Going down the listing below, print exactly each line from the one with "Seit inzwischen 20" up to and including the one with "本プロジェクトはアイデアを創", and skip the rest.

Exercise data:
※
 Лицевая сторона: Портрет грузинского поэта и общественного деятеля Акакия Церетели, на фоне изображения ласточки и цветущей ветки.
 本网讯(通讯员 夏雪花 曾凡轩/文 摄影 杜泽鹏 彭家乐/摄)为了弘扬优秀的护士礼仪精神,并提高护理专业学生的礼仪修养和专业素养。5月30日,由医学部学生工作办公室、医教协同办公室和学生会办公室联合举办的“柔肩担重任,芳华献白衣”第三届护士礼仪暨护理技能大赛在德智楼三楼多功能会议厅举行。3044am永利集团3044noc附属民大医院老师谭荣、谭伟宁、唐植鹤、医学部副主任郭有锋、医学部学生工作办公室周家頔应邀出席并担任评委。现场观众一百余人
※
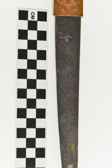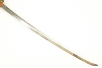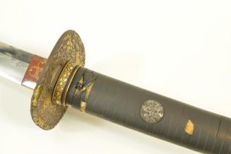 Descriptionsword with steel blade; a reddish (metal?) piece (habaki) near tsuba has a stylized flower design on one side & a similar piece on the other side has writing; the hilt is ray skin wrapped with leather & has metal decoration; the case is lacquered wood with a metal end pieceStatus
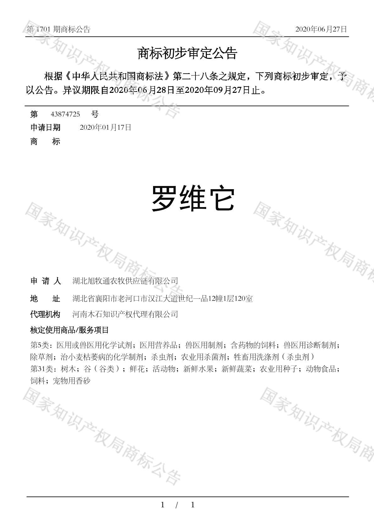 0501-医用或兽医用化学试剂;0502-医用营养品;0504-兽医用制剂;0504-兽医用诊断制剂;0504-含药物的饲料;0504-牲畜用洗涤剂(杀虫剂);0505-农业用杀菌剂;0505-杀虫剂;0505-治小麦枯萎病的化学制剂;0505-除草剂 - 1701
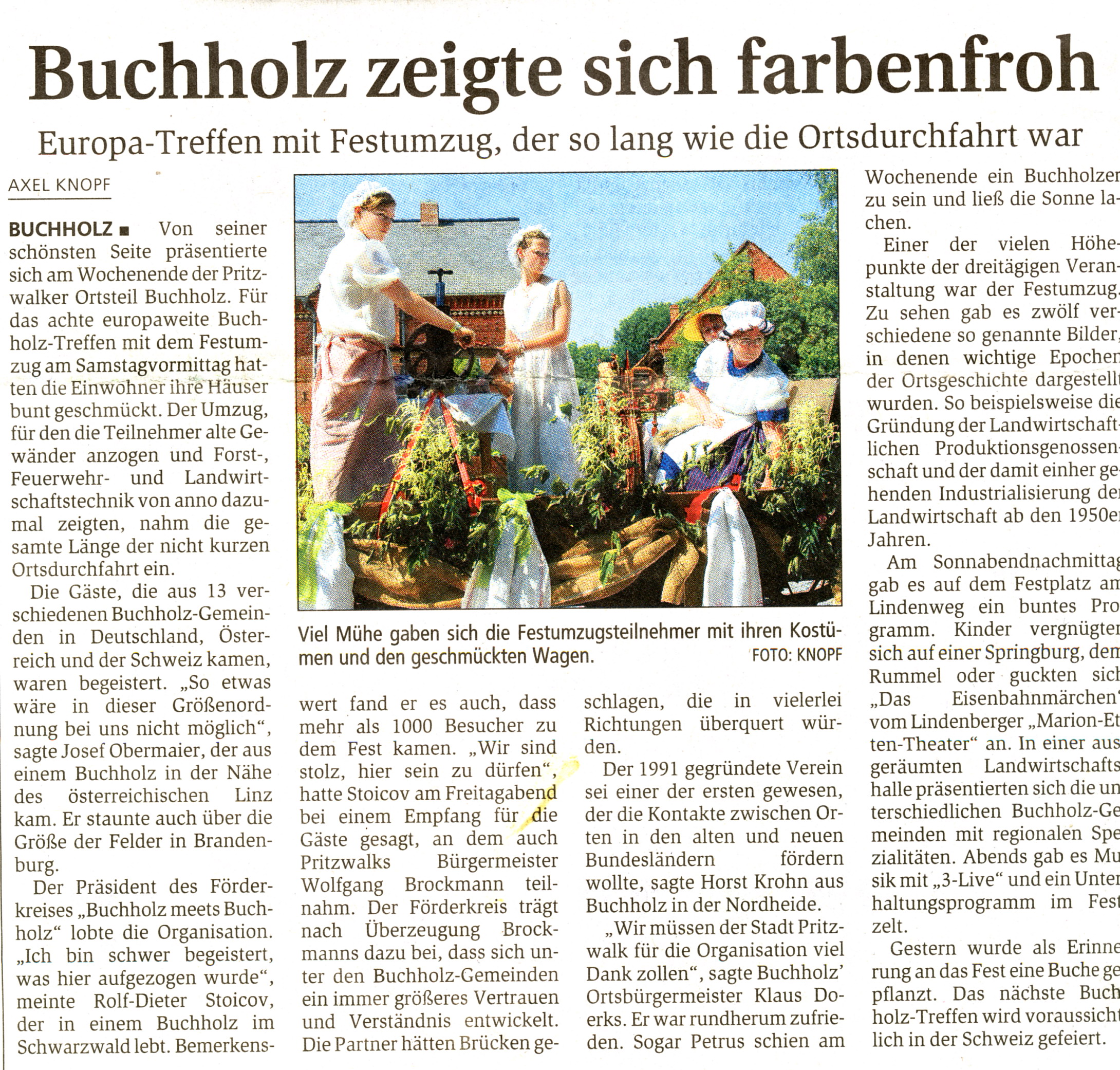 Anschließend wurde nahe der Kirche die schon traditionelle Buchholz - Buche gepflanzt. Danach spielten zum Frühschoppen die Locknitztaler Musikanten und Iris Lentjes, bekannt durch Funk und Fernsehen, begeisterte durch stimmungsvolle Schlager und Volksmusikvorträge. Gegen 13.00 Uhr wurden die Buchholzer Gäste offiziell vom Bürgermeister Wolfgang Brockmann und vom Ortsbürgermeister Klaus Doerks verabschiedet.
※
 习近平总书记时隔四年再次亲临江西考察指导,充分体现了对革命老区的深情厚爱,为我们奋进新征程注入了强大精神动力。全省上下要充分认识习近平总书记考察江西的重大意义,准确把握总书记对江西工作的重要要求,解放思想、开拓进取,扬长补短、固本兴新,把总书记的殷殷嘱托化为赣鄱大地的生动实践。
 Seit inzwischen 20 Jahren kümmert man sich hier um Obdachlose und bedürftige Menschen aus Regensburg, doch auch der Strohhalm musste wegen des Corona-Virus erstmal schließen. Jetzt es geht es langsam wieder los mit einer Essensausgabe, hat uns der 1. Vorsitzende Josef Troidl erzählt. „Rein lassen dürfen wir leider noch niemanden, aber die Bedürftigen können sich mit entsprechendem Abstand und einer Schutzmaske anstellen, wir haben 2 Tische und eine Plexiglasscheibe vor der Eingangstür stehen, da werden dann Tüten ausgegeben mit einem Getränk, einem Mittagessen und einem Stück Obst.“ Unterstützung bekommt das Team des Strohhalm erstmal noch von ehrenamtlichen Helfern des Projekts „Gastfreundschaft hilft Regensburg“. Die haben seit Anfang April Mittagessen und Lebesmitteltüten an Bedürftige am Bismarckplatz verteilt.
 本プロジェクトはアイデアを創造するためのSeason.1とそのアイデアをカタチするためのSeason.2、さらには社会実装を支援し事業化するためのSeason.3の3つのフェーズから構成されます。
※
Exercise answer:
 Seit inzwischen 20 Jahren kümmert man sich hier um Obdachlose und bedürftige Menschen aus Regensburg, doch auch der Strohhalm musste wegen des Corona-Virus erstmal schließen. Jetzt es geht es langsam wieder los mit einer Essensausgabe, hat uns der 1. Vorsitzende Josef Troidl erzählt. „Rein lassen dürfen wir leider noch niemanden, aber die Bedürftigen können sich mit entsprechendem Abstand und einer Schutzmaske anstellen, wir haben 2 Tische und eine Plexiglasscheibe vor der Eingangstür stehen, da werden dann Tüten ausgegeben mit einem Getränk, einem Mittagessen und einem Stück Obst.“ Unterstützung bekommt das Team des Strohhalm erstmal noch von ehrenamtlichen Helfern des Projekts „Gastfreundschaft hilft Regensburg“. Die haben seit Anfang April Mittagessen und Lebesmitteltüten an Bedürftige am Bismarckplatz verteilt.
 本プロジェクトはアイデアを創造するためのSeason.1とそのアイデアをカタチするためのSeason.2、さらには社会実装を支援し事業化するためのSeason.3の3つのフェーズから構成されます。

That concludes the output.